Die Braunschweiger Bahnstadt südlich gelegen vom Hauptbahnhof ist eines der größten innerstädtischen
Stadtbauprojekte Norddeutschlands. Gemeinsam mit dem Stadtplanungsbüro Brederlau und Holik hat die Stadtverwaltung kürzlich ihre Gedanken zur Rahmenplanung des Areals präsentiert und dabei wichtige Ideen und Impulse der zurückliegenden Beteiligungsprozesse von Wissenschaft, Wirtschaft und Gesellschaft aufgegriffen.

 

YouTube

Mit dem Laden des Videos akzeptieren Sie die Datenschutzerklärung von YouTube.
Mehr erfahren

Video laden

 

Der Arbeitgeberverband Region Braunschweig e.
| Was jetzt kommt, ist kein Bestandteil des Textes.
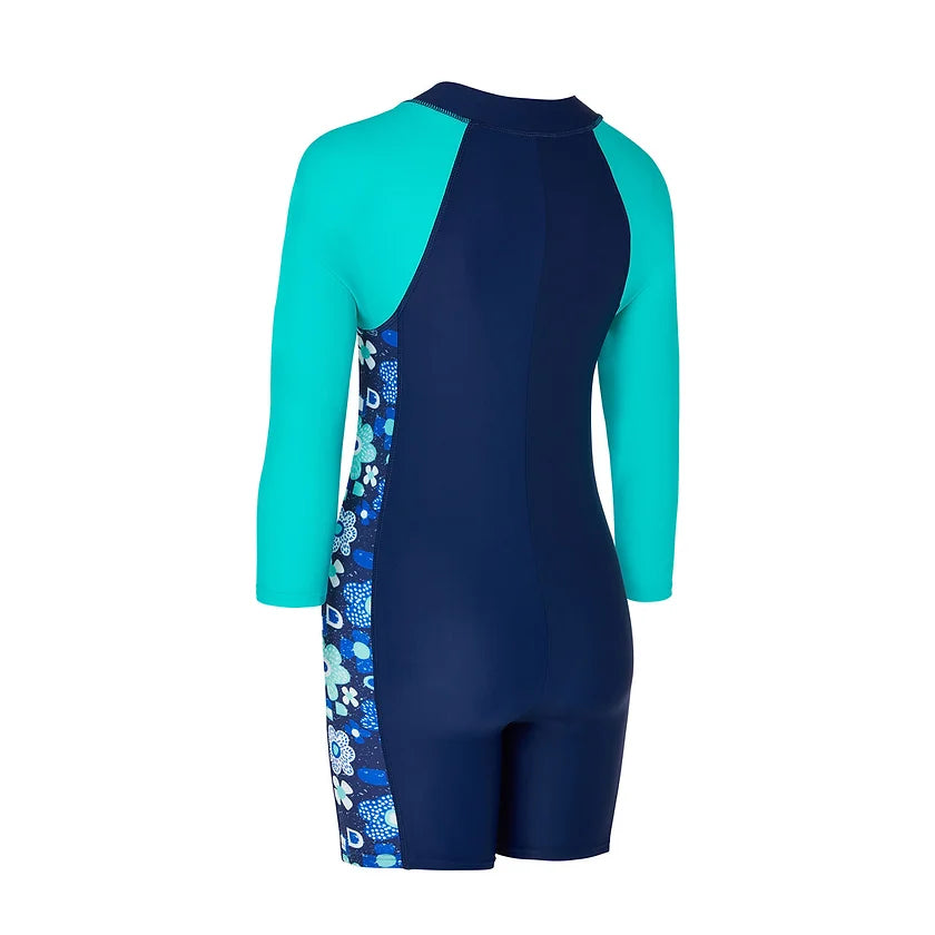 Zoggs Sun protection swimsuit, ideal for protecting your child from the sun's harmful rays.The fabric is designed to specifically protect the wearer from the sun’s UVA and UVB rays. These are the rays that cause skin damage. UVA rays cause skin aging

V. hat sehr früh auf die einmaligen Chancen des Projekts für die ganze Region hingewiesen und nun mit einer eigenen Ideenpräsentation auf die Rahmenplanung der Stadt aufgesetzt. „Wir können in der Bahnstadt einen echten europäischen Leuchtturm schaffen, der die ganze Innovationsstärke unserer Region sichtbar macht und überregional Talente anlockt, um hier an den großen Zukunftsthemen zu arbeiten. Das ist eine einmalige Chance nicht nur für die Stadt Braunschweig, sondern die ganze Wirtschaftsregion. Deswegen haben wir als Verband das Thema bereits 2018 auf die Agenda genommen und unter dem Titel Brunswick Railquarters ein Netzwerk aus über 80 Unternehmen und Institutionen ins Leben gerufen, die ihre Ideen und Impulse zur Entwicklung des Areals beisteuern.“, erklärte Thorsten Sponholz als Vorstandsmitglied des Arbeitgeberverbandes Region Braunschweig.

 

Damit eröffnete Sponholz die Präsentation jener Ergebnisse, die der Arbeitgeberverband Region Braunschweig erarbeitet hat. Unterstützung fand der Verband dabei in der Initiative spaces4future. Der Zusammenschluss unterschiedlicher Experten*Innen versteht sich als Thinktank für die Arbeitswelt und Stadtentwicklung der Zukunft. Bernd Fels von if5, einem Beratungs- und Planungsunternehmen für Neue Arbeitswelten, ist Gründer der Initiative und hat gemeinsam mit dem AGV Region Braunschweig die Ideen und Impulse der regionalen Wirtschaft zu konkreten Entwicklungsideen im Areal der Bahnstadt kristallisiert. „Wir  folgen mit unseren Ideen dem Motto: Think big, start small and act fast. Wir müssen uns große Ideen zutrauen, aber dürfen nicht viele Jahre verlieren, in denen wir nur an Megaprojekten planen. Unser Ziel sollte sein, schon in den kommenden Jahren erste Orte in der Bahnstadt erlebbar zu machen, aus denen eine Dynamik für das gesamte Areal entstehen kann.“, erklärt Bernd Fels zur Einführung der dafür notwendigen drei identifizierten Handlungsfelder.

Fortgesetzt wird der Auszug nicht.